"""

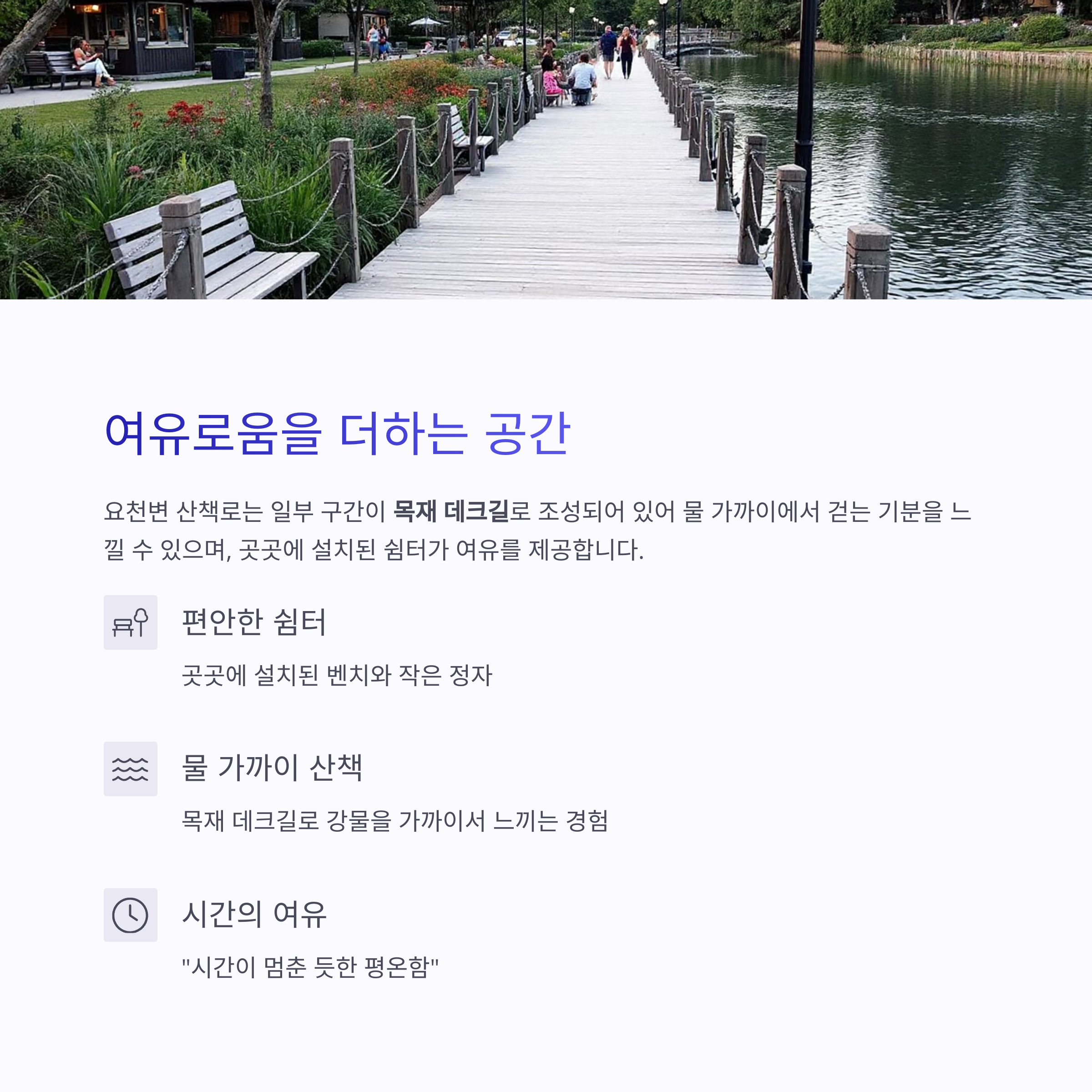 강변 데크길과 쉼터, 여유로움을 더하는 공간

"""
"""

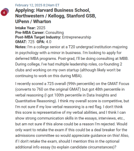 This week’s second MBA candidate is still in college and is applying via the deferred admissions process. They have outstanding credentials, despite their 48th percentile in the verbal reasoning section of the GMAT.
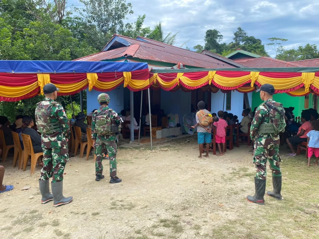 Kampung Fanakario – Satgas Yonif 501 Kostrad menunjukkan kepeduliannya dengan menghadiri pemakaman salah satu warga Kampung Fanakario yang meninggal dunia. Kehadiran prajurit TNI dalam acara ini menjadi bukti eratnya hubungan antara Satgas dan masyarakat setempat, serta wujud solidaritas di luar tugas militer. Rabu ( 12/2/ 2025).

"""
"""

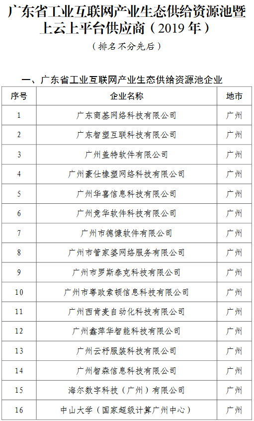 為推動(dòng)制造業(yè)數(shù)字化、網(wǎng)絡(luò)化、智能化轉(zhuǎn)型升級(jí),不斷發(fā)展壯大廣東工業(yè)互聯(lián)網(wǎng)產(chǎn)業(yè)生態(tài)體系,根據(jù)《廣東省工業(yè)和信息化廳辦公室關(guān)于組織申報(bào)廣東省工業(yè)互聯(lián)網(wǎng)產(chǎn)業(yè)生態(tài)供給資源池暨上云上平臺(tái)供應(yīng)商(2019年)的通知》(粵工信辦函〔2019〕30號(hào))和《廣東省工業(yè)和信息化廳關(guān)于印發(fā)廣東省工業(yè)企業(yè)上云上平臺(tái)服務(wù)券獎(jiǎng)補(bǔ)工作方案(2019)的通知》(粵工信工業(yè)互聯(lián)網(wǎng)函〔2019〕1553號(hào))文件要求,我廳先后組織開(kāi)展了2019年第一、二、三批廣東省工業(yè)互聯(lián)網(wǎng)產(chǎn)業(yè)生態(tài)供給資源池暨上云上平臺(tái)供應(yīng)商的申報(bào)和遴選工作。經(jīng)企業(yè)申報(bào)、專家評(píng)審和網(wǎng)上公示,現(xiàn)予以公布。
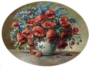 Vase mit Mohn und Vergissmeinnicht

"""

What the exercise asks
Starting at the line above with "This week’s second", output every line exactly up to and including the line with "Kampung Fanakario –", but none of the pictures.

Task output
 This week’s second MBA candidate is still in college and is applying via the deferred admissions process. They have outstanding credentials, despite their 48th percentile in the verbal reasoning section of the GMAT.
 Kampung Fanakario – Satgas Yonif 501 Kostrad menunjukkan kepeduliannya dengan menghadiri pemakaman salah satu warga Kampung Fanakario yang meninggal dunia. Kehadiran prajurit TNI dalam acara ini menjadi bukti eratnya hubungan antara Satgas dan masyarakat setempat, serta wujud solidaritas di luar tugas militer. Rabu ( 12/2/ 2025).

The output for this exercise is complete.